By the way, I do backup my pictures to removable drives, rotated regularly and kept offsite. I'm not willing to let one lightning strike take everything out.
"- Don't blame Apple (or Steve) fore things YOU don't know." I blame Apple for a thing that they explicitly tell me which turns out not to be true, hence I "knew." No more, no less.
"- If you ask to have a very cheap 'solution' don't blame any one else if you get it." Price is not the question. The featureset of the product is explicit and, though the product cost me $1,000 and was a relative bargain compared to Windows Server licenses, it is anything but "cheap."
"- Every thing you don't know costs his price!" How right you are.
"Ask a professional to sell, setup and care fore your server." I am that professional. The level of experience with the product, however, does not dictate whether or not I have to doubt Apple's words. Just because someone is a "pro" doesn't mean that he instantly doubts the veracity of Apple's product claims. Do pilots doubt Boeing's claims that the plane will fly just because they know more about the plane than the passengers? No. Both take Boeing's claims at face value because there's reasonable assurance that the claims are true. (Skeptics need not apply to flight school.)
"You can take your lesson the hard way 'learning by doing'" Also true.
"You can take classes." Also true.
"You can take Server as you hobbyhorse" Also true.
"But the roules stay the same: 1. do Backups 2. test your Backups. 3. do more Backups" Good, solid advice. It's the best material of what you posted.
/Bill
@Bill, how did you manage to change your StdExclusions.plist file?
Mine on 10.5.8 Server fails to save due to a permissions problem: The document "StdExclusions.plist" could not be saved. You do not have appropriate access privileges. To view or change access privileges, select the item in Finder and choose File > Get Info.
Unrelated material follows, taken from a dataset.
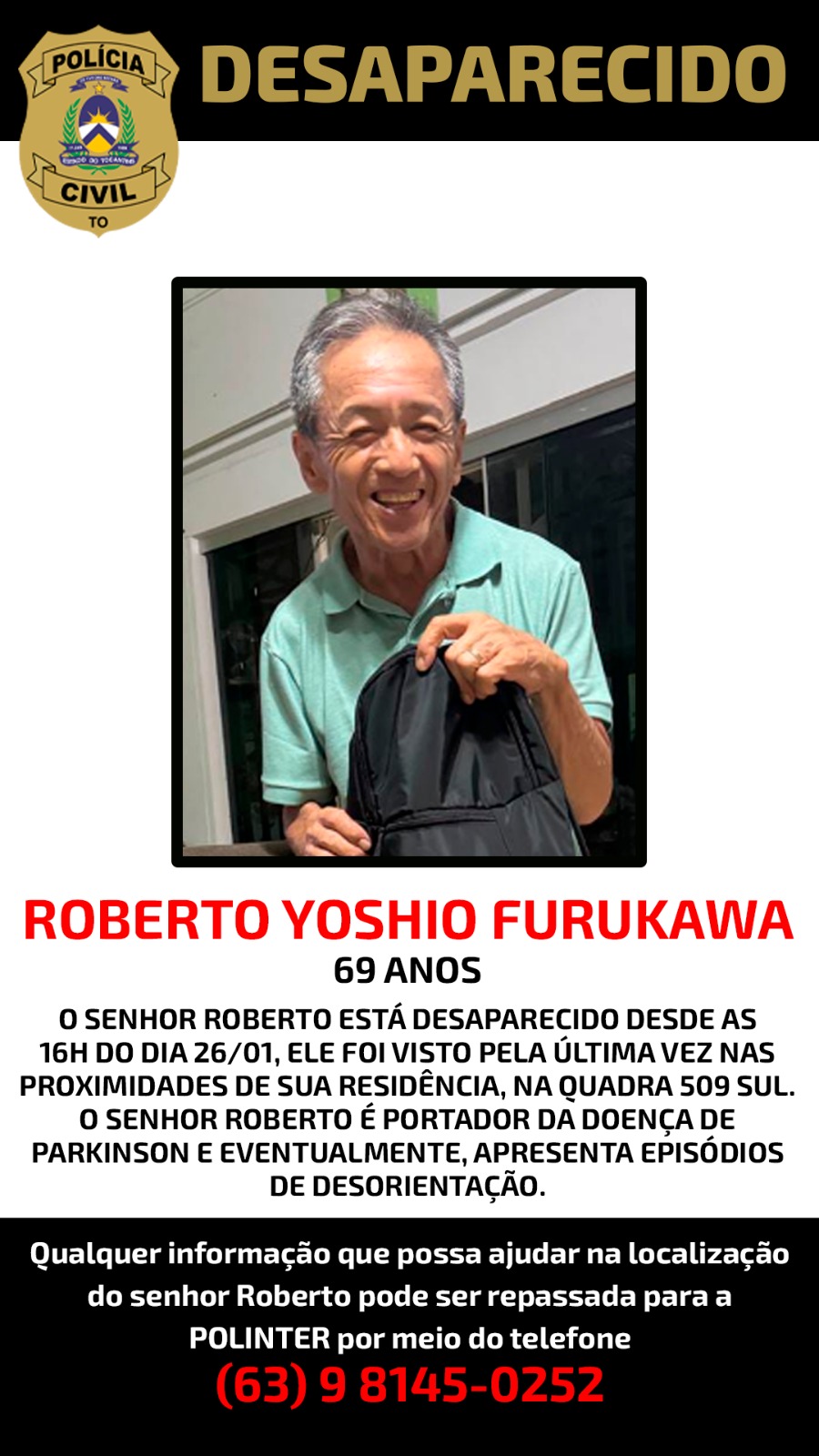 Roberto Yoshio Furukawa está desaparecido e a comunidade é convocada a ajudar nas buscas. A Secretaria da Segurança Pública do Tocantins iniciou diligências para localizar ...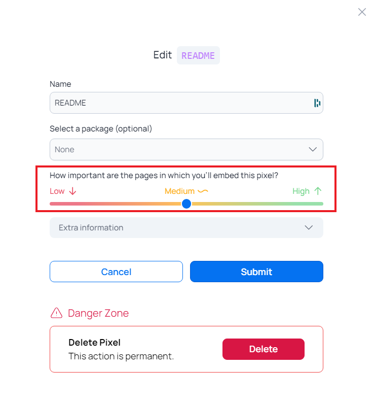 Event Importance allows you to determine the weight that certain events carry over others. For instance, a download should carry more weight than a page view on your public website, as it shows higher interest. This importance can be defined when setting up a new pixel or package and can be edited at any time. The importance will default to medium.

Of course I gave my account the read and write permissions, and Get Info lists "You can read and write". Despite saving the StdExclusions.plist file from "Property List Editor" version 2.2 (701) is still not possible.
I used emacs from the command line:
$ sudo emacs /System/Library/CoreServices/backupd.bundle/Contents/Resources/StdExclusions.plist
should take care of it for you. I didn't use the Plist editor because... well, because I didn't think of it, actually!
Hope that helps!
Bill
I just had to deal with similar insanity on a brand-new Snow Leopard Server machine. We were using Time Machine, too. We aren't doing anything weird - just AFP file sharing and network logins for a handful of Macs.
The problem? Every 24 hours or so, the file server would drop all its connections. When a Time Machine backup runs. I wish I were f'ing kidding. (And yes, Apple confirmed, "Time Machine doesn't work on OS X Server". The AppleCare rep told me to use SuperDuper instead.)
--Quentin
Funny thing: I've been running 10.6.5 on a mini with an external Firewire drive. Other than unmounting the FW drive occasionally (and I have no idea why), MOSXS and Time Machine seems to be playing together very nicely. No AFP dismounts recently.
I'm still disappointed that Apple won't remove the functionality from Server or won't acknowledge the problems and fix them for good.
On the other hand, I'm happy that my installation is working fine.